From the records below, output exactly the lines running from the line containing "Blue Bleached Wash high rise short. Size 28" through the line containing "อะบายาสีฟ้าแบบ", and no others.

● Input data:
_____

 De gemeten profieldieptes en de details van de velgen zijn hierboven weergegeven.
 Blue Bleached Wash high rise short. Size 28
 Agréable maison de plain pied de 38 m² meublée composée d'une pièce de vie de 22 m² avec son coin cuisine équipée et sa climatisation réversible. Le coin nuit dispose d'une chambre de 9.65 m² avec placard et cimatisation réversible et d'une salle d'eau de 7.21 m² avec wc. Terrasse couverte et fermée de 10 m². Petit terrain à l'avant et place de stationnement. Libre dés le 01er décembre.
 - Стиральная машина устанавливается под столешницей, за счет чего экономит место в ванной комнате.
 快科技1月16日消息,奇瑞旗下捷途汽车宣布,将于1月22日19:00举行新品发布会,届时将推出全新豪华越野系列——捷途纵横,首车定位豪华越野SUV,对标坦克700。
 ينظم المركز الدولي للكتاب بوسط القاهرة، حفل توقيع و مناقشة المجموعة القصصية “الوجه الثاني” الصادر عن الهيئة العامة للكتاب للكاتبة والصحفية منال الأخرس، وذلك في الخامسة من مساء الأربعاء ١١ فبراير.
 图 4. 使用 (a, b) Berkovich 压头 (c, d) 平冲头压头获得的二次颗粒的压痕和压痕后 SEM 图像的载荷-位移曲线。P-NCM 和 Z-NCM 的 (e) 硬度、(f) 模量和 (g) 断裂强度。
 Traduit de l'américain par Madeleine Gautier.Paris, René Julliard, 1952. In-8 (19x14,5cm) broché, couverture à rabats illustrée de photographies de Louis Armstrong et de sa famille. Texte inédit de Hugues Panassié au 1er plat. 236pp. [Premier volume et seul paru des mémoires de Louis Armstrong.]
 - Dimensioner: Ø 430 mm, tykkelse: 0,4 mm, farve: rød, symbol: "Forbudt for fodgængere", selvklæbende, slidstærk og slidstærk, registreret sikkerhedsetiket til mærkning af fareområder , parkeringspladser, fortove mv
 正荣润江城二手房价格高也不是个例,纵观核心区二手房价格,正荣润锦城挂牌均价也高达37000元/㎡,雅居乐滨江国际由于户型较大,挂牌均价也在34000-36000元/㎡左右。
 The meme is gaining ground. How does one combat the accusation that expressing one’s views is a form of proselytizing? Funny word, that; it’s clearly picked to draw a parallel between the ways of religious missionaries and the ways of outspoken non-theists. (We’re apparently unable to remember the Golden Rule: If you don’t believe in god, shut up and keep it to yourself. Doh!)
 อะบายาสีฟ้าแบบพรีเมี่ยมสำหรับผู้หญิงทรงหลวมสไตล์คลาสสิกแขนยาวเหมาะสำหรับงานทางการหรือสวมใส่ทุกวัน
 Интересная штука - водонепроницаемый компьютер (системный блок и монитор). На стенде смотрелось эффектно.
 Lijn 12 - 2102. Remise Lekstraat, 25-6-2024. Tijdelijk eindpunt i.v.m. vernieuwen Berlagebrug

_____

● Solution for this exercise:
 Blue Bleached Wash high rise short. Size 28
 Agréable maison de plain pied de 38 m² meublée composée d'une pièce de vie de 22 m² avec son coin cuisine équipée et sa climatisation réversible. Le coin nuit dispose d'une chambre de 9.65 m² avec placard et cimatisation réversible et d'une salle d'eau de 7.21 m² avec wc. Terrasse couverte et fermée de 10 m². Petit terrain à l'avant et place de stationnement. Libre dés le 01er décembre.
 - Стиральная машина устанавливается под столешницей, за счет чего экономит место в ванной комнате.
 快科技1月16日消息,奇瑞旗下捷途汽车宣布,将于1月22日19:00举行新品发布会,届时将推出全新豪华越野系列——捷途纵横,首车定位豪华越野SUV,对标坦克700。
 ينظم المركز الدولي للكتاب بوسط القاهرة، حفل توقيع و مناقشة المجموعة القصصية “الوجه الثاني” الصادر عن الهيئة العامة للكتاب للكاتبة والصحفية منال الأخرس، وذلك في الخامسة من مساء الأربعاء ١١ فبراير.
 图 4. 使用 (a, b) Berkovich 压头 (c, d) 平冲头压头获得的二次颗粒的压痕和压痕后 SEM 图像的载荷-位移曲线。P-NCM 和 Z-NCM 的 (e) 硬度、(f) 模量和 (g) 断裂强度。
 Traduit de l'américain par Madeleine Gautier.Paris, René Julliard, 1952. In-8 (19x14,5cm) broché, couverture à rabats illustrée de photographies de Louis Armstrong et de sa famille. Texte inédit de Hugues Panassié au 1er plat. 236pp. [Premier volume et seul paru des mémoires de Louis Armstrong.]
 - Dimensioner: Ø 430 mm, tykkelse: 0,4 mm, farve: rød, symbol: "Forbudt for fodgængere", selvklæbende, slidstærk og slidstærk, registreret sikkerhedsetiket til mærkning af fareområder , parkeringspladser, fortove mv
 正荣润江城二手房价格高也不是个例,纵观核心区二手房价格,正荣润锦城挂牌均价也高达37000元/㎡,雅居乐滨江国际由于户型较大,挂牌均价也在34000-36000元/㎡左右。
 The meme is gaining ground. How does one combat the accusation that expressing one’s views is a form of proselytizing? Funny word, that; it’s clearly picked to draw a parallel between the ways of religious missionaries and the ways of outspoken non-theists. (We’re apparently unable to remember the Golden Rule: If you don’t believe in god, shut up and keep it to yourself. Doh!)
 อะบายาสีฟ้าแบบพรีเมี่ยมสำหรับผู้หญิงทรงหลวมสไตล์คลาสสิกแขนยาวเหมาะสำหรับงานทางการหรือสวมใส่ทุกวัน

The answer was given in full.